3. Decision tree method
In order to visualize the decision-making method, the calculation process is drawn into a tree structure of points and branches, which is called decision tree and is suitable for the visualization of any decision-making method. Among them, the conditional node is represented by δ, and the decision node is represented by square □
Now, taking the decision data listed in Table 4-3 as an example, the steps of making decisions by using decision trees are explained. Suppose the probabilities of states Q 1, Q2, Q3 and Q4 are 0.2, 0.3, 0.3 and 0.2, respectively.
Table 4-3 Loss Expectation
Step 1: Build a decision tree model from left to right.
Tree building process: starting from the decision point on the left, divide several branches according to the number of alternative schemes, and each branch is marked with the brief content of the scheme. Each branch reaches a node, which is indicated by a ○, and the serial number of the scheme is marked by a ○. Then, starting from the node, each scheme is divided into several branches according to the number of possible target States, and each branch is briefly marked with the content of the target state and the probability of occurrence. In this example, as shown in Figure 4- 14, there are three schemes, and each scheme has four states.

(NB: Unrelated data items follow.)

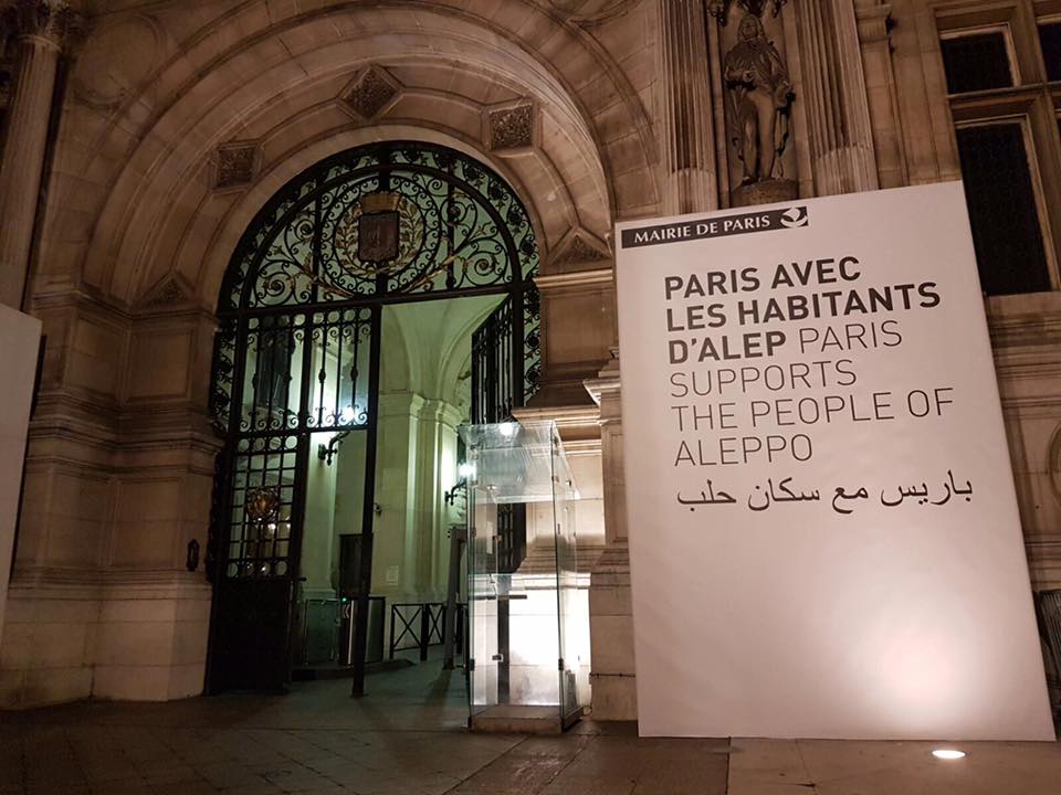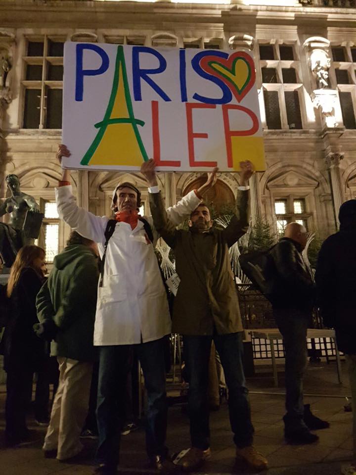 وعبر المجتمعون عبر كلمة القاها “محافظ باريس” , رغبتهم بالذهاب الى أحياء حلب الشرقية تحت مظلة الامم المتحدة , للوقوف كدروع بشرية بوجه قصف طائرات بشار وروسيا لمدينة حلب , بعد الحصول على التراخيص المناسبة .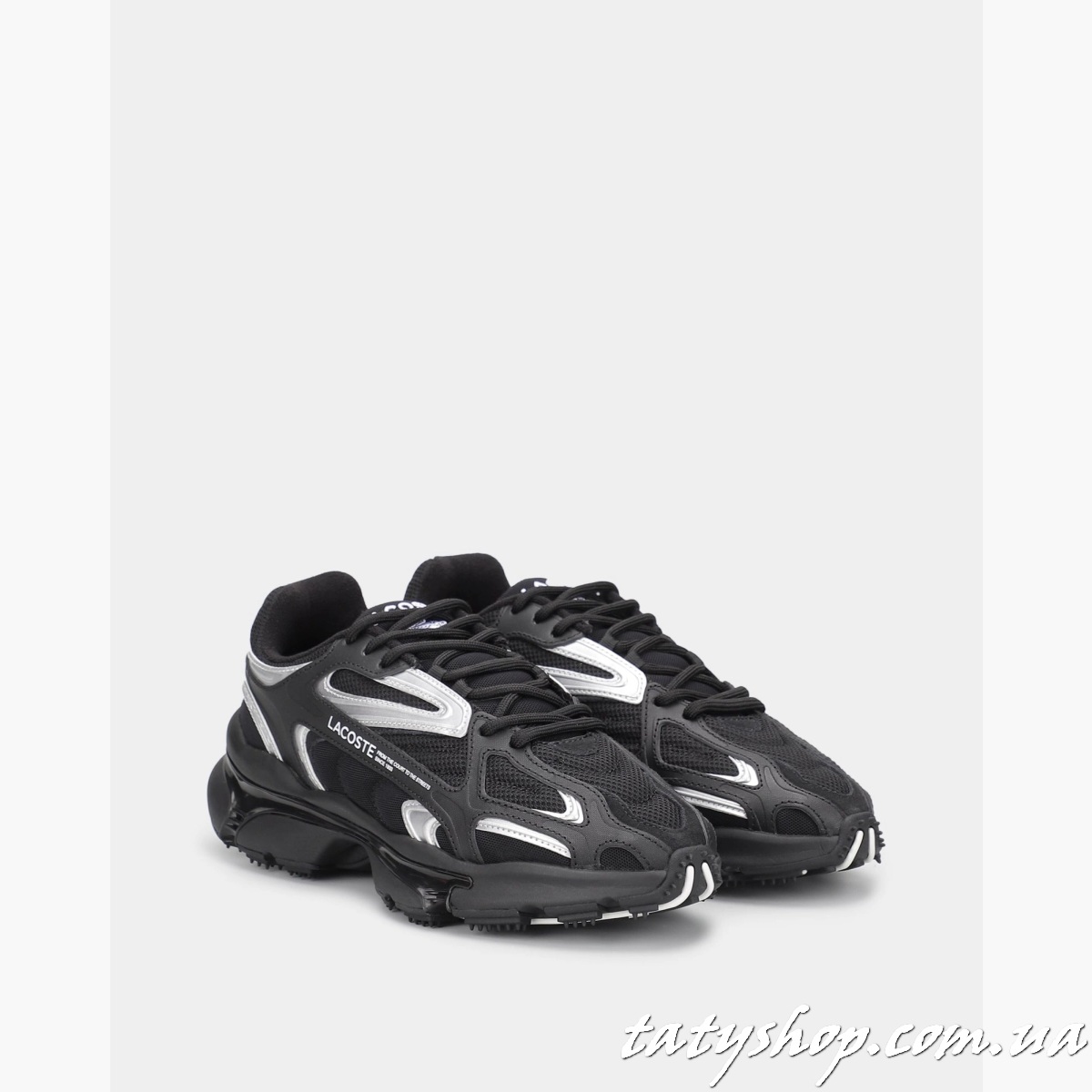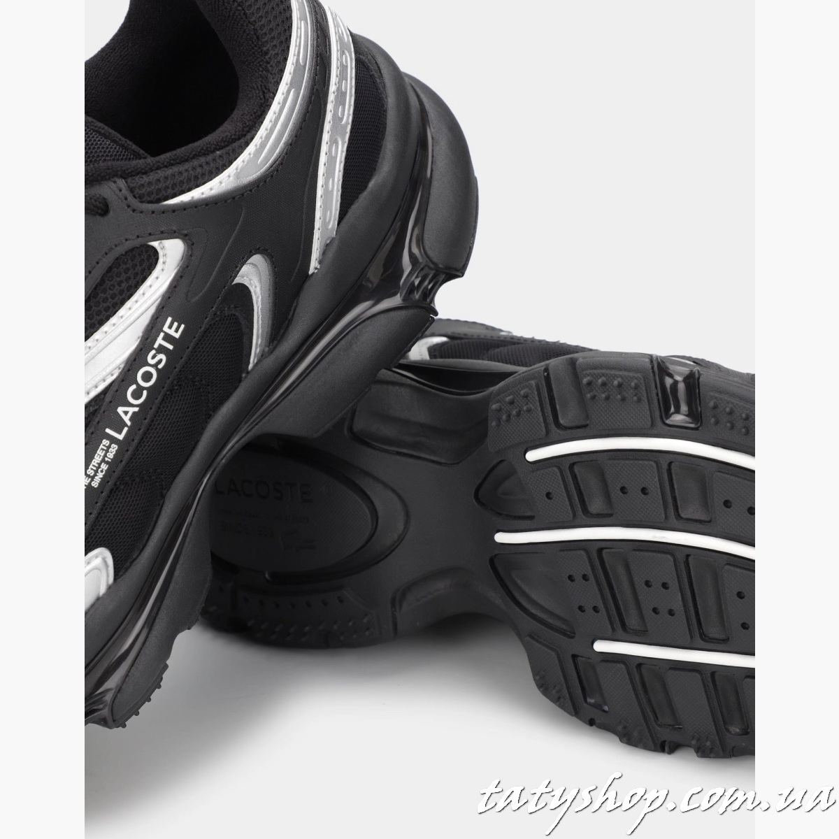 Дизайн моделі відрізняється стриманістю та водночас сучасними акцентами, що включають логотип Lacoste на боковій стороні та унікальні деталі на шнурівці. Чорний колір робить ці кросівки універсальним вибором для різних стилів одягу.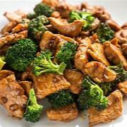 Frango, brócolis, risoto (presunto, cenoura, ovo e cebolinho) e molho.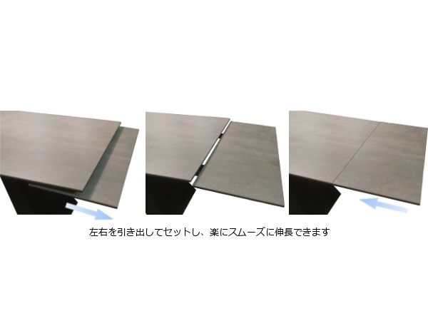 抜群の耐久性とメンテナンス性に優れたセラミックを天板に使用したモダンなダイニングテーブル。スムーズに伸縮していただけるエクステンション式の天板で来客時も安心。セラミックは耐熱性がありキズや汚れにも強く、普段のお手入れは水拭きはもちろん、アルコール消毒もOK。清潔にお使いいただけます。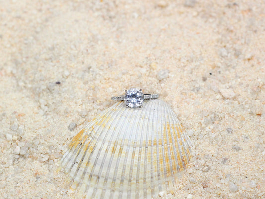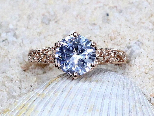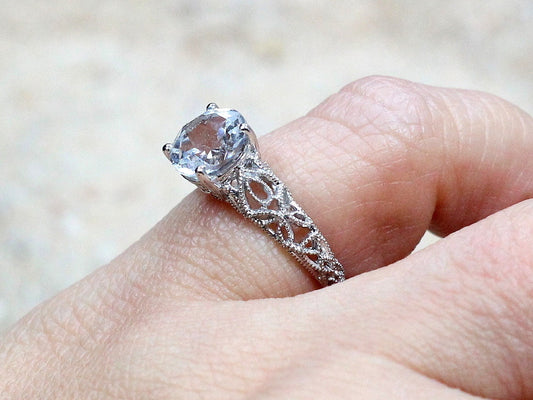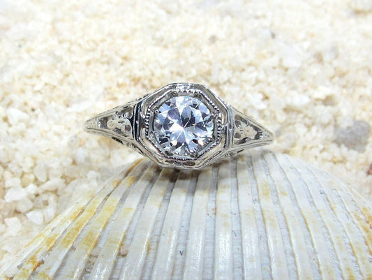 White Sapphire Engagement Ring, Vintage, Antique, Filigree, Andromeda, 2ct, 8mm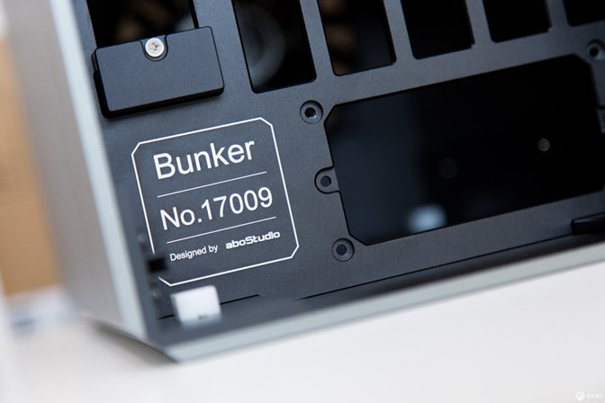 最后自然得介紹下這個激光鐳雕的銘牌了。每個 Bunker 機箱都有獨立的編號,我拿到的這個是 17009 號,該不會是 2017 年中制作的第九個吧?Bunker 的制作者同時也告訴我,如果愿意,也可以在機箱的其他地方雕刻上自己專屬的 Logo 標志,讓每個 Bunker 都變成獨一無二的機箱。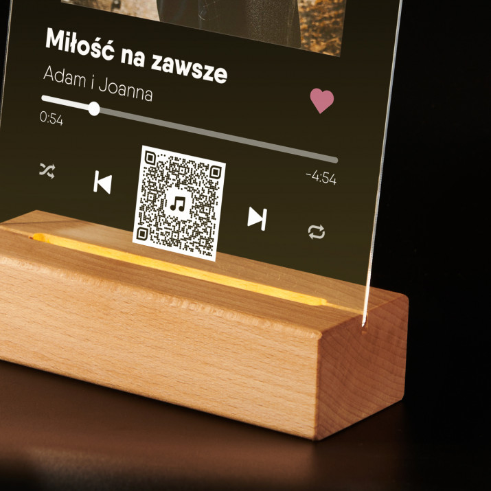 Wydruk na szkle akrylowym z podstawką drewnianą LED.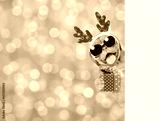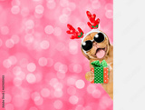 Happy Mastiff puppy dressed like santa claus reindeer Rudolf looking from behind empty white banner and holds gift box

Figure 4- 14 decision tree
Step 2: Make a decision from right to left. First, calculate the expected value of each scheme, and then mark the calculation results on the top of the status node, compare the expected values of each scheme, select the best scheme, and write the expected values on the top of the decision node to indicate the selection results. At the same time, draw a double tangent on the branch representing other schemes, indicating that these schemes have been eliminated.